I am working on a project and have fleshed out this class but I am not passing my test cases. Here is the implementation of my B-tree class:
class BTree:
def __init__(self, M: int, L: int):
self.M = M
self.L = L
self.root_addr: Address = DISK.new()
DISK.write(self.root_addr, BTreeNode(self.root_addr, None, None, True))
def _find_leaf(self, key: KT) -> Address:
current_addr = self.root_addr
while True:
node = DISK.read(current_addr)
if node.is_leaf:
return current_addr
idx = node.find_idx(key)
if idx < len(node.keys) and node.keys[idx] == key:
idx += 1
current_addr = node.children_addrs[idx]
def insert(self, key: KT, value: VT) -> None:
leaf_addr = self._find_leaf(key)
leaf = DISK.read(leaf_addr)
leaf.insert_data(key, value)
if len(leaf.keys) > self.M - 1:
self._split_node(leaf_addr)
DISK.write(leaf_addr, leaf)
def _split_node(self, node_addr: Address) -> None:
node = DISK.read(node_addr)
middle_index = len(node.keys) // 2
middle_key = node.keys[middle_index]
left_node = BTreeNode(DISK.new(), node.parent_addr, None, node.is_leaf)
right_node = BTreeNode(DISK.new(), node.parent_addr, None, node.is_leaf)
left_node.keys = node.keys[:middle_index]
right_node.keys = node.keys[middle_index + 1:]
if node.is_leaf:
left_node.data = node.data[:middle_index]
right_node.data = node.data[middle_index + 1:]
else:
left_node.children_addrs = node.children_addrs[:middle_index + 1]

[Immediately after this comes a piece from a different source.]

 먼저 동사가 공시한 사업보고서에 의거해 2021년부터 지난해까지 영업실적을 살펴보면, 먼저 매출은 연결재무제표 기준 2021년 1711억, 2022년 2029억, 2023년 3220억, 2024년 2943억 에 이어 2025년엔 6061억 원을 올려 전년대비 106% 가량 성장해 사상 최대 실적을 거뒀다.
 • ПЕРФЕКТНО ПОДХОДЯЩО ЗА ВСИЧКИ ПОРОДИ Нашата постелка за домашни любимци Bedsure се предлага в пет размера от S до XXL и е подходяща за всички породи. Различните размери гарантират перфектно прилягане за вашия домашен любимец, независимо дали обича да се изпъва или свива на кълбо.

right_node.children_addrs = node.children_addrs[middle_index + 1:]
DISK.write(left_node.my_addr, left_node)
DISK.write(right_node.my_addr, right_node)
if node.parent_addr is not None:
parent = DISK.read(node.parent_addr)
insert_index = parent.find_idx(middle_key)

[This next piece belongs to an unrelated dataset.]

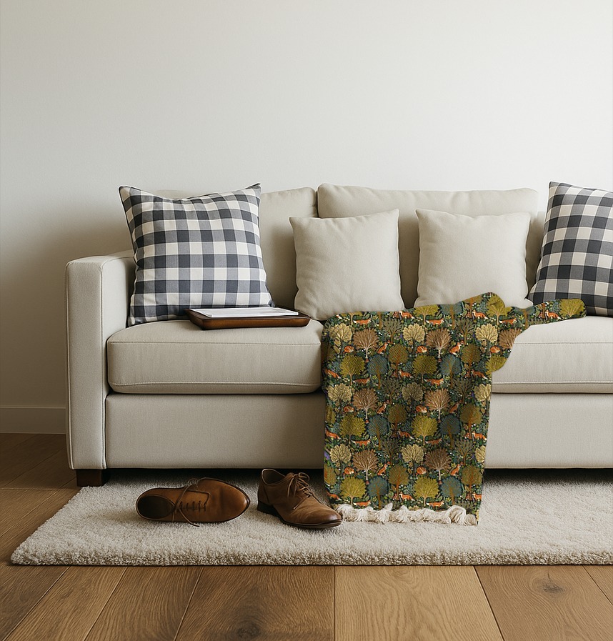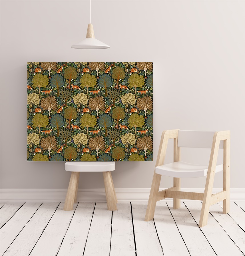 パターン説明 このパターンは北欧感性の童話的な森を背景にキツネと多様な植物が調和したイラストパターンです。

parent.keys.insert(insert_index, middle_key)
parent.children_addrs[insert_index] = left_node.my_addr
parent.children_addrs.insert(insert_index + 1, right_node.my_addr)

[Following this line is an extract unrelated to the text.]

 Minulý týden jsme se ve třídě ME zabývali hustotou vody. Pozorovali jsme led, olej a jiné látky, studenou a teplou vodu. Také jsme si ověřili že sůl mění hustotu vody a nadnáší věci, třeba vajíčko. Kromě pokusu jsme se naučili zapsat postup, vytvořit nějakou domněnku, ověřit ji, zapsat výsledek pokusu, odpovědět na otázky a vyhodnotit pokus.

DISK.write(node.parent_addr, parent)
else:
new_root = BTreeNode(DISK.new(), None, None, False)
new_root.keys = [middle_key]
new_root.children_addrs = [left_node.my_addr, right_node.my_addr]
self.root_addr = new_root.my_addr
DISK.write(new_root.my_addr, new_root)
def find(self, key: KT) -> Optional[VT]:
current_addr = self.root_addr
while True:
node = DISK.read(current_addr)
idx = node.find_idx(key)
if node.is_leaf:
if idx < len(node.keys) and node.keys[idx] == key:
return node.data[idx]
return None
else:
if idx < len(node.keys) and node.keys[idx] == key:
idx += 1
current_addr = node.children_addrs[idx]
Here is the tests that are failing:
def btree_properties_recurse(root_node_addr, node, M, L):
assert sorted(node.keys) == node.keys # Keys should remain sorted so that a binary search is possible
if node.is_leaf:
# Leaf node general properties
assert len(node.children_addrs) == 0
assert len(node.keys) == len(node.data)
assert len(node.data) <= L
else:
# Non-leaf node general properties
assert len(node.data) == 0
assert len(node.keys) == len(node.children_addrs) - 1
assert len(node.children_addrs) <= M
if node.my_addr == root_node_addr:
# Root node properties
assert node.parent_addr is None
assert node.index_in_parent is None
if not node.is_leaf:
assert len(node.children_addrs) >= 2
else:
# Non-root node properties
assert node.parent_addr is not None
assert node.index_in_parent is not None
if node.is_leaf:
assert len(node.data) >= (L+1)//2
else:
assert len(node.children_addrs) >= (M+1)//2
# Run the assertions on all children
for child_addr in node.children_addrs:
btree_properties_recurse(root_node_addr, DISK.read(child_addr), M, L)
def test_btree_properties_even() -> None:
M = 6
L = 6
btree = BTree(M, L)
for i in range(100):
btree.insert(i, str(i))
for i in range(0, -100, -1):
btree.insert(i, str(i))
root_addr = btree.root_addr
btree_properties_recurse(root_addr, DISK.read(root_addr), M, L)
The tests are fairly generic and my implementation is not working as intended. I have tried to understand with assert statements that I have since removed. Any guidance is welcome, my tests do run, but the assertions are always wrong. I believe my _split_node function is incorrect.